И вот мы снова среди наших друзей, которые, как и прежде, собрались на деревенской площади вокруг большого дуба. Анджело узнает нас первым, вероятно по французскому номеру Пафнутия. Когда мы расставались, он был еще семинаристом. Теперь его зовут дон Анджело, и он приходский священник в Калькаре, соседней деревеньке. Его отец Джованноне жалуется: «Поясница болит! Не могу бегать, как прежде». Старику уже перевалило за восемьдесят. После нашего отъезда народился целый выводок ребят. Сорбо выглядит немного грустно. Сезон еще не наступил; синьоры займут свои дома только в середине лета.

Как много времени прошло, заметно и по тому, как выросли грудные в те времена дети; теперь они подростки. Вот дом, где siora[79] М. тиранила свою невестку Джанетту. Теперь невестка тиранит свекровь: не она ли дала ей двух внуков?

Я помню рождение старшего.

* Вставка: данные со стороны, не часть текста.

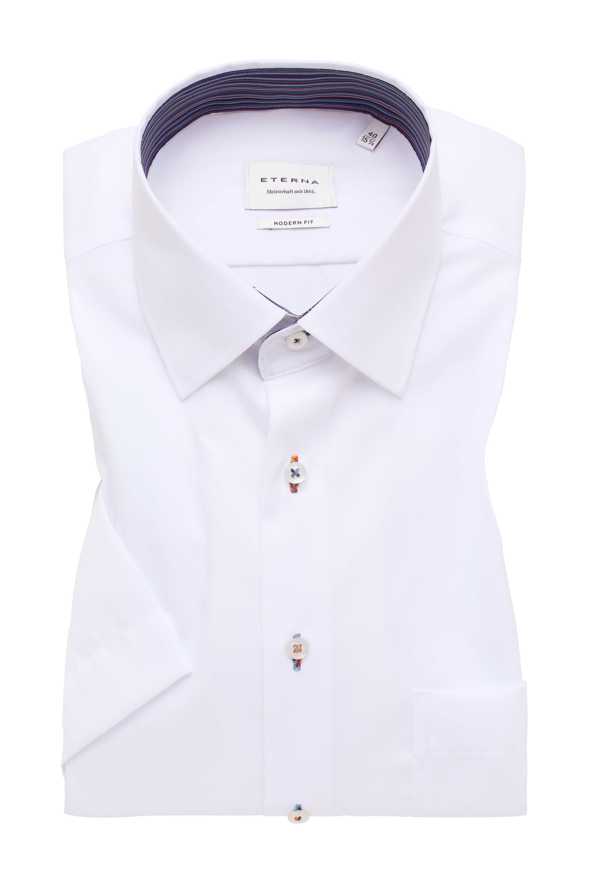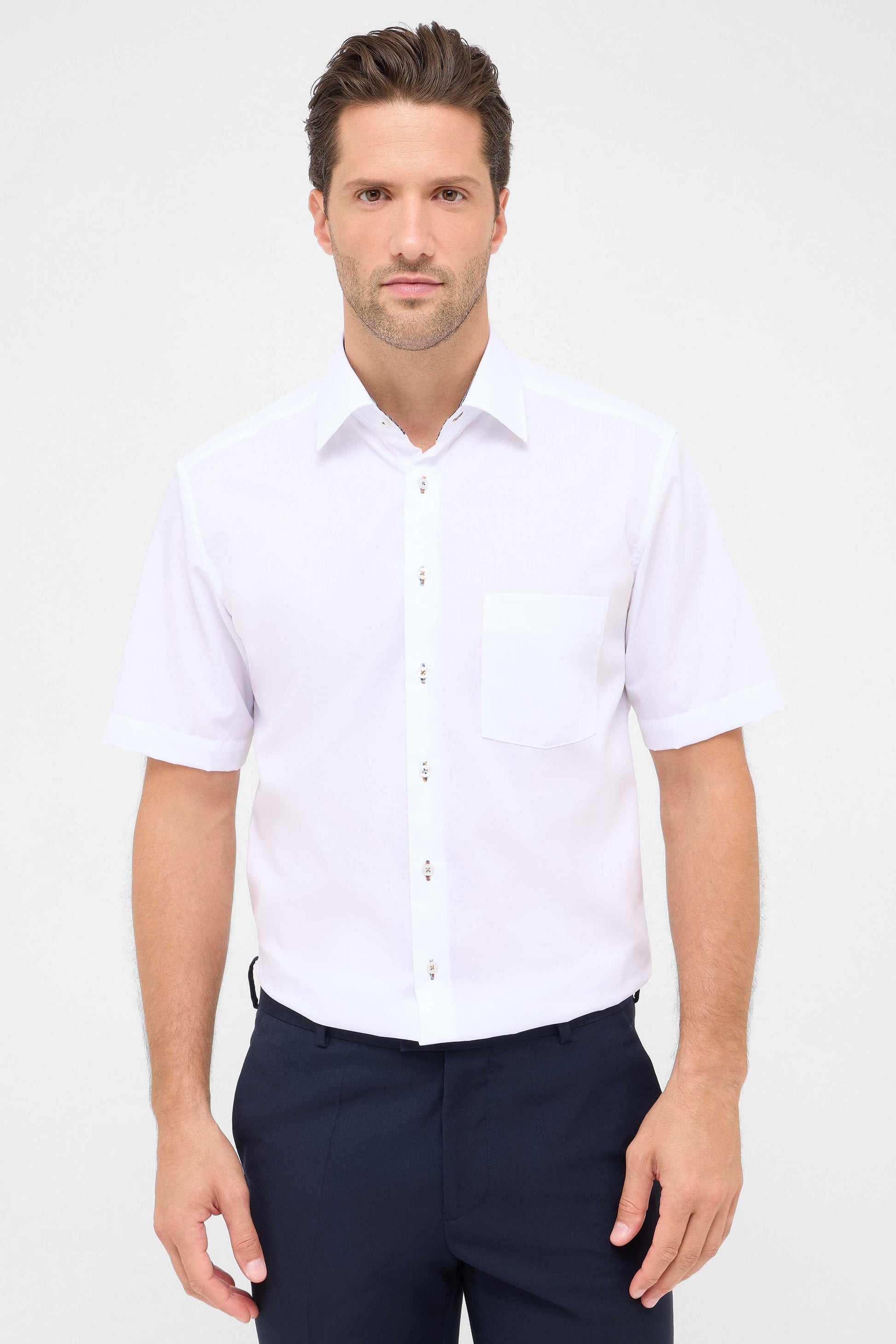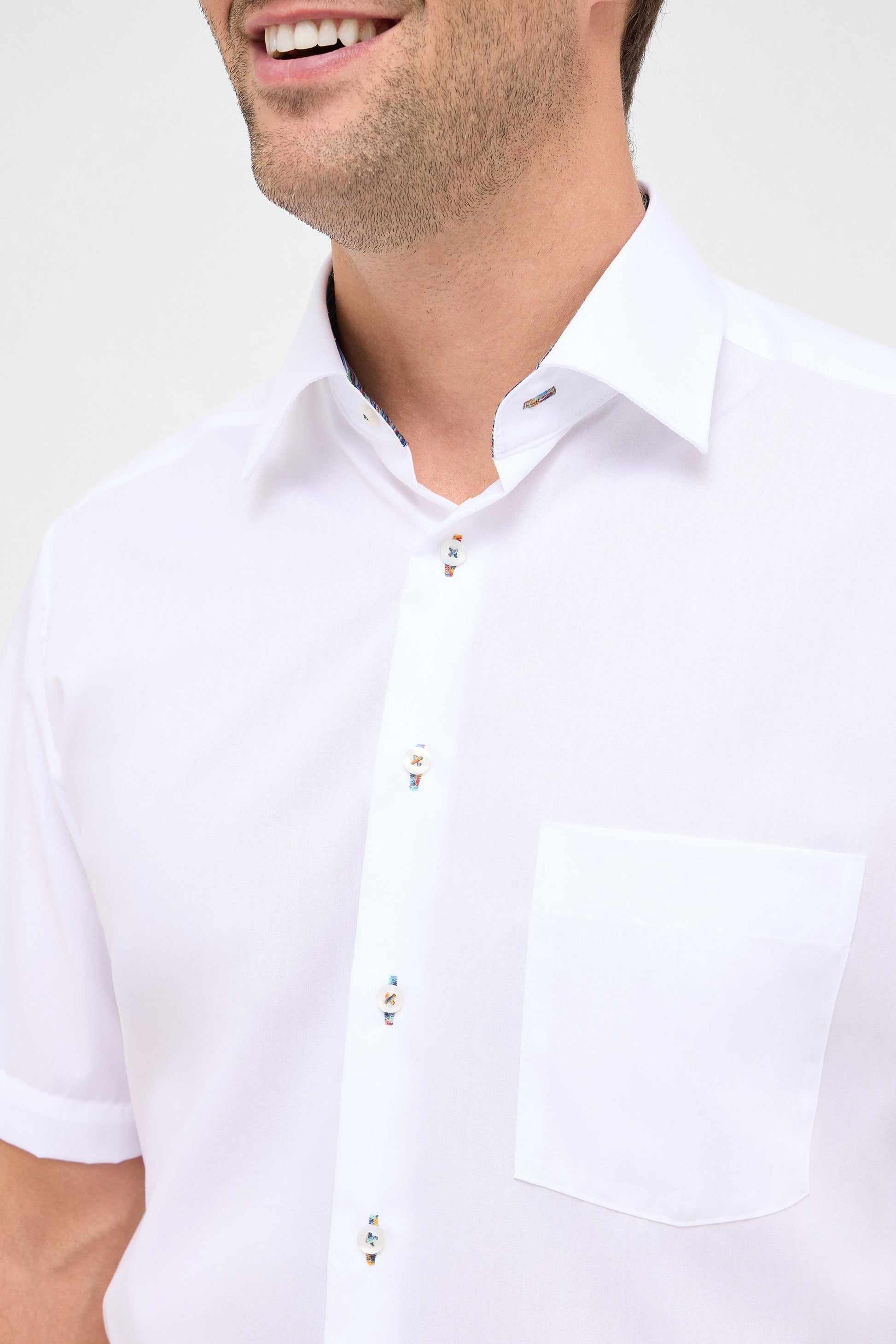 Tidsløs kortærmet klassiker til din garderobe Eterna Comfort Fit poplin skjorte med kontrastmønster i krave. Strygefri skjorte er fremstillet af 100% bomuld, hvilket sikrer optimal komfort hele dagen. Afrundet og normal længde, kan bæres afslappet over bukserne. Denne skjorte findes i flere farver.

Старуха держала ребенка на руках.

— Он великолепен, professo’! Это будет донжуан!

Внезапным движением она развернула пеленки, показывая мне крохотный признак принадлежности младенца к мужскому полу, и пробормотала в восторге:

— Он напортит девушек, этот mascalzone[80].

Донжуан работает в Риме в бакалейной лавке двоюродного брата. Лилла спрашивает, много ли он наделал бед девушкам. Старуха, бросив боязливый взгляд на свою невестку, многозначительно отвечает: «Э-э». Итак, бразды правления решительно перешли в другие руки. Дон Анджело приказывает, а его отец Джованноне уже не повышает голоса.

— Мам! Поставишь еще два прибора для профессора и синьоры!

Жестом человека, привыкшего приказывать, он не дает нам возразить.

— Поедите minestra вместе с нами senza compliment![81].

Pasta е faggioli — макароны с бобами. Мечта! Нас угощают и тем, в чем особенно искусна мать дона Анджело, — мягкой колбасой, которая мажется на хлеб; она тает во рту, как масло. Анджело шутит, как много лет назад: «Из моих собственных окороков». Нам легко, и мы даже немножко счастливы оттого, что смеемся вместе с ними, как будто мы никогда не слыхали этой шутки. Согласен, шутка дурацкая. Ну и что же? На какой-то миг она меня раздражает, но пьянящие воспоминания берут верх. Не для того ли мы приехали сюда, чтобы набраться впечатлений о жизни простых людей. Чувства их поверхностны. Их легко рассмешить и так же легко довести до слез. Но они покорили нас, несмотря на переменчивость их настроений, несмотря на отсутствие у них глубины. Когда мы с ними, мы забываем о том, что итальянцы были «нашими врагами в войне», что они «кинжал в спину Франции», что они «продажны», «суеверны», «склонны к ложному величию», что «их мечты о будущем навеяны прошлым»; мы забываем о «данных и несдержанных обещаниях», о «путанице», о «двуличии», о «лени», обо всем.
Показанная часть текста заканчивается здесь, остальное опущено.